It seems like February may have been a very good month for Microsoft and its Internet Explorer team in particular. According to the latest statistics released by Netmarketshare, Microsoft's web browser gained more than 0.5% in market share, all at Firefox's expense. Does this mean that Microsoft has finally gotten things right with Internet Explorer?
It seems like the numbers for browser market share are filly out for public viewing, and that is always good news for most browser fans and pundits. After all, there is no better proof than a bunch of statistics to justify one's claim of 'which browser is the next thing to look out for', especially when the browser market is chock full of competitors today from the likes of heavyweight software vendors such as Apple, Google, Microsoft and Mozilla.
So, the question most of you will probably be having right now will probably go along the lines of 'How much market share did Microsoft lose in February' or 'How much did Firefox/Chrome/Safari gain'. However, it would seem that the numbers for February seem to buck the trend we have all been accustomed to: instead of continuing to lose market share like it had always been, Internet Explorer actually saw a gain of 0.77% in browser share for the month of February.
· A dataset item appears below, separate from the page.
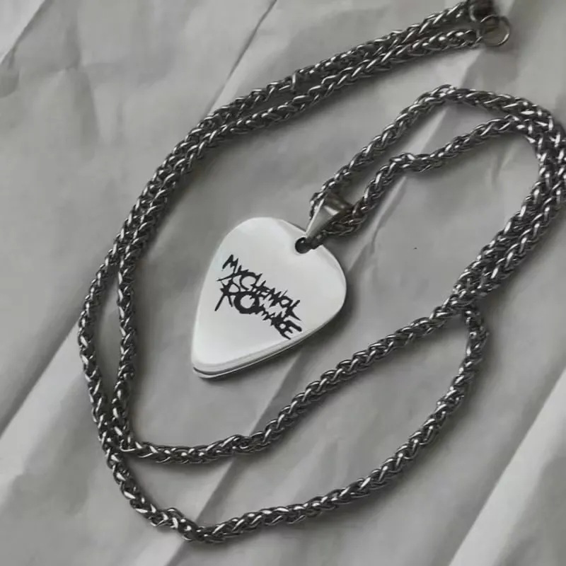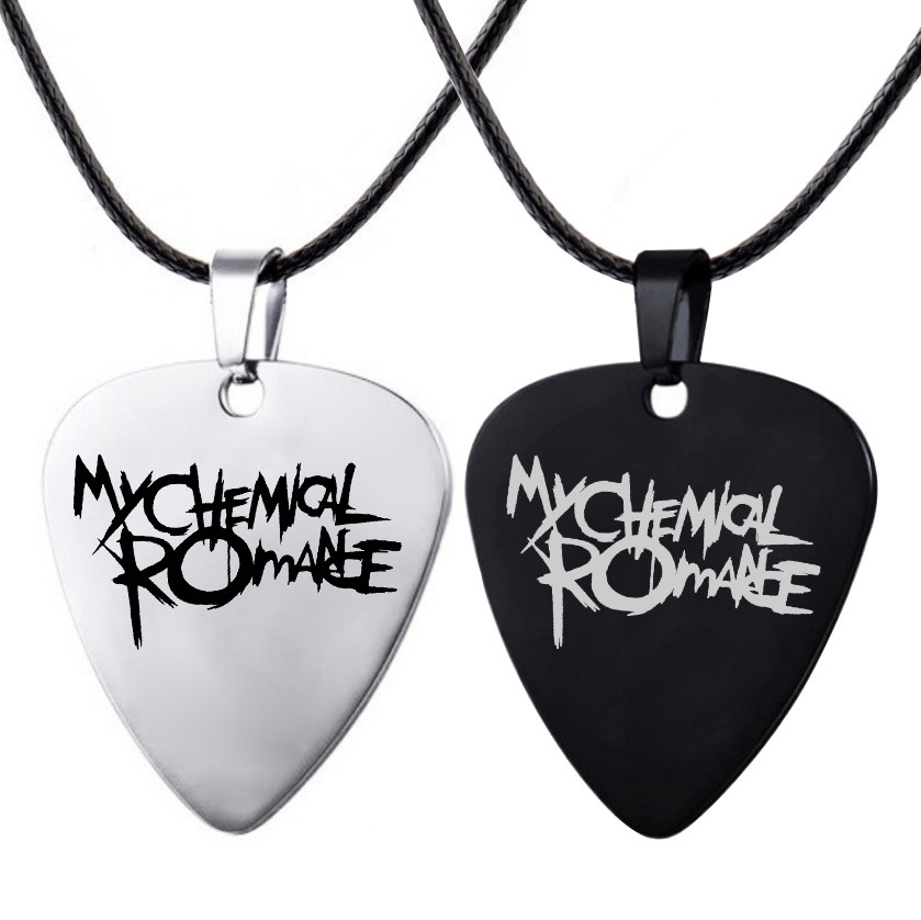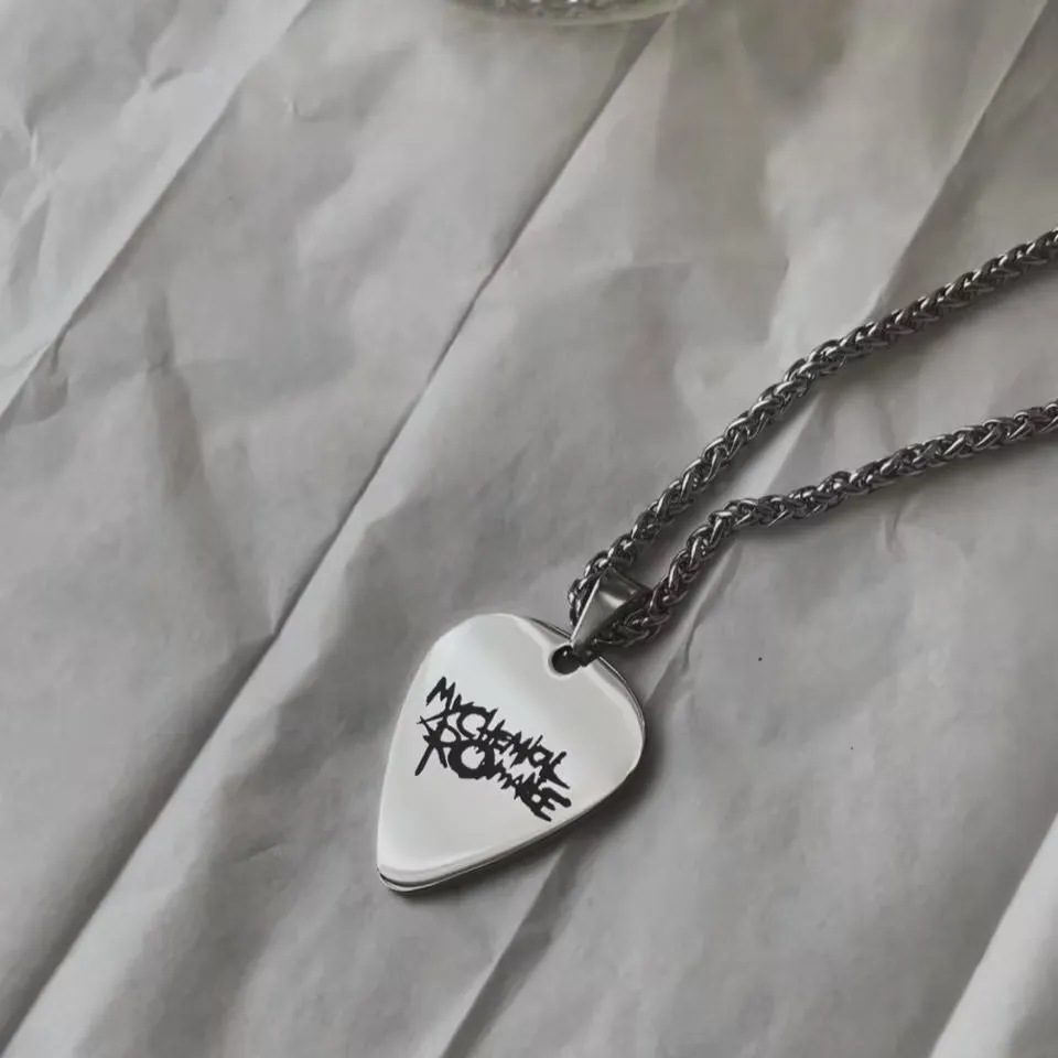 私の化学ロマンチックなロック金属ギターピックネックレスレーザー彫刻部品ステンレスペンダントネックレス

On the other hand, Firefox was the unexpected casualty time, dropping 0.99% from its January results, as shown in the charts below.
However, fans of Microsoft and Internet Explorer might want to hold their horses instead of celebrating their newfound gain in browser market share. This is due to the fact that the analyst firm responsible for churning out the results have claimed in an announcement that the spike in IE's share was the cause of switching to a new counting algorithm released by the C.I.A.
Unfortunately, the lack of further details from Netmarketshare means that it is not possible to determine whether Internet Explorer's sudden spike in popularity is truly caused by more users moving back to Internet Explorer (especially when IE9's Release Candidate was only released recently), or whether it is merely the result of a simple adjustment to the way browser market share is calculated.
Still, it does not change the fact that the numbers reflect positively on Microsoft and Internet Explorer for the month of February. After all, a gain is still a gain, and with Microsoft having demonstrated that it can produce a standards-compliant browser with IE9, it may not be that surprising to find out if the Redmond giant is really starting to win more Internet users back to its fold.